Deze regel dient om te voorkomen dat indien in het bestemmingsplan bij een bepaald gebouw een zeker open terrein is geëist, dat terrein nog eens meetelt bij het beoordelen van een aanvraag voor een ander gebouw, waaraan een soortgelijke eis wordt gesteld.

Algemene bouwregels (artikel 7)

In de algemene bouwregels is opgenomen dat de bouwgrenzen tot een bepaalde hoogte mogen worden overschreden door ondergeschikte delen van een bouwwerk.

Algemene afwijkingsregels (artikel 8)

Voor ondergeschikte afwijkingen van het bestemmingsplan zijn algemene afwijkingsregels opgenomen. De onderhavige regeling voorziet in verband met de gewenste duidelijkheid, in een objectieve begrenzing van het toepassingsbereik van de afwijkingsmogelijkheid.

Algemene wijzigingsregels (artikel 9)

In dit artikel is een wijzigingsbevoegdheid opgenomen ten behoeve van kleine overschrijdingen van de bestemmingsgrenzen.

Algemene regels (artikel 10)

In dit artikel is opgenomen dat de wettelijke regelingen waarnaar wordt verwezen de wettelijke regelingen zijn van het moment van vaststelling van het plan, om te voorkomen dat de inhoud van dit plan onbedoeld wordt gewijzigd bij wijziging van wettelijke regelingen.

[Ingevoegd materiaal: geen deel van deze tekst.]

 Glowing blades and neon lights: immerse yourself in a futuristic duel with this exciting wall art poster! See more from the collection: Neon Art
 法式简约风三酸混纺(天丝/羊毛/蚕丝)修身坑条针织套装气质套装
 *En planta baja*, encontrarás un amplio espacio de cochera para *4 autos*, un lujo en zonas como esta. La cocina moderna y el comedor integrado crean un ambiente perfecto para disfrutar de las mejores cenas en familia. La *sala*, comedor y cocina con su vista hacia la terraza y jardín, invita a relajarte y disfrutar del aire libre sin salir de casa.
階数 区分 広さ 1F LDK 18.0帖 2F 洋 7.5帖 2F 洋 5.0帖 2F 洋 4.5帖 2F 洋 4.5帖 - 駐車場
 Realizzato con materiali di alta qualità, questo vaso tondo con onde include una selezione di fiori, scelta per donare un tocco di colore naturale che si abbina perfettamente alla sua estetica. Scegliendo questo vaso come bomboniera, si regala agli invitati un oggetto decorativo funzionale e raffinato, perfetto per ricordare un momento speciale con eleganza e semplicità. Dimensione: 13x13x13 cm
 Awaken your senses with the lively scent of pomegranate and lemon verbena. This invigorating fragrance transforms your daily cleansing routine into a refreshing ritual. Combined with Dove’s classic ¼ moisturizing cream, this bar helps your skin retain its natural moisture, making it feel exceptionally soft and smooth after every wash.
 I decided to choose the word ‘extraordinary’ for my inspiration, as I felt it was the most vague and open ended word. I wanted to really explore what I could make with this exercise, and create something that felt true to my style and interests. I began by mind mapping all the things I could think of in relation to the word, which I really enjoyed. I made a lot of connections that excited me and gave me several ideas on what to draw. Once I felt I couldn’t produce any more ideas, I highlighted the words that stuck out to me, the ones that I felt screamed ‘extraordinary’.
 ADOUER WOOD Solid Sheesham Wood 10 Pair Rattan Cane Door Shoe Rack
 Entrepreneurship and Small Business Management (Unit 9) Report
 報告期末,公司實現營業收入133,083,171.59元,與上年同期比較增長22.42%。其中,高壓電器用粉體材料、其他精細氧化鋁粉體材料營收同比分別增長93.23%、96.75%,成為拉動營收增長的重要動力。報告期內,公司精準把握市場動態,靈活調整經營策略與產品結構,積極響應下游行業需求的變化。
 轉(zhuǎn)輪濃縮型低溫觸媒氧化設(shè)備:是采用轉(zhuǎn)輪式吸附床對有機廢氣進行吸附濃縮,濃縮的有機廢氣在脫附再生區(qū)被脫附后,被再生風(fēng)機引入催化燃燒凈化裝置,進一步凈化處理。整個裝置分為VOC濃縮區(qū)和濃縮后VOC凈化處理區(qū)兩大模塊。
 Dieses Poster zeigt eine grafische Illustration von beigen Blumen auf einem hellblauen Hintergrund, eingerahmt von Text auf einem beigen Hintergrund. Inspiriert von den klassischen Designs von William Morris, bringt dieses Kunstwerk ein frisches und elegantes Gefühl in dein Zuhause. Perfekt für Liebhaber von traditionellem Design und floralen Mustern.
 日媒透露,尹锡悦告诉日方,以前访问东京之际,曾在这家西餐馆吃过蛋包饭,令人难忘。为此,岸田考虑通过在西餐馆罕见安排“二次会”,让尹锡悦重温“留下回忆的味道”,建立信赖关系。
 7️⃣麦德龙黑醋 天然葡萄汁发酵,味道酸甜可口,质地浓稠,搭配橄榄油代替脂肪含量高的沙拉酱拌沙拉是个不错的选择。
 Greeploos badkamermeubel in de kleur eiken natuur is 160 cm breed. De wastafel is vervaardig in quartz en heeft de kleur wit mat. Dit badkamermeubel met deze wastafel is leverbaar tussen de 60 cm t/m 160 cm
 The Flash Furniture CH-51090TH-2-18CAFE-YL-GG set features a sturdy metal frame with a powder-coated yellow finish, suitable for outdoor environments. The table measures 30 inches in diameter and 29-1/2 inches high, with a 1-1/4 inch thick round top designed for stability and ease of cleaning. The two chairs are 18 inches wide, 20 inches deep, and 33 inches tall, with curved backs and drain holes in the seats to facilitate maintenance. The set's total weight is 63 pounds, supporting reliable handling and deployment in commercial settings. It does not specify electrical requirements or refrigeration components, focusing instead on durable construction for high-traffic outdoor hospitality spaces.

5.2.4 Hoofdstuk 4 Overgangs- en slotregels

Overgangsrecht (artikel 11)

Bouwwerken

In dit artikel is het overgangsrecht ten aanzien van bouwen neergelegd. Uitbreiding van de bebouwing is slechts mogelijk met een omgevingsvergunning voor het afwijken.

Gebruik

De eerste drie leden van dit artikel betreffen de (reducerende) overgangsregels met betrekking tot gebruik van onbebouwde gronden en bouwwerken voor zover dat gebruik afwijkt van het bestemmingsplan op het moment dat dit rechtskracht verkrijgt. Hiervan is uitgezonderd strijdig gebruik dat al in strijd was met het voorheen tot dat tijdstip geldende plan en waartegen wordt of alsnog kan worden opgetreden. Dit sluit aan bij de vaste jurisprudentie van de Afdeling bestuursrechtspraak van de Raad van State waaruit blijkt dat, indien de gemeente strijdig gebruik gewraakt heeft, er geen beroep op het overgangsrecht mogelijk is.

Slotregel (artikel 12)

Het laatste artikel van de planregels betreft de slotregel van het onderliggende bestemmingsplan.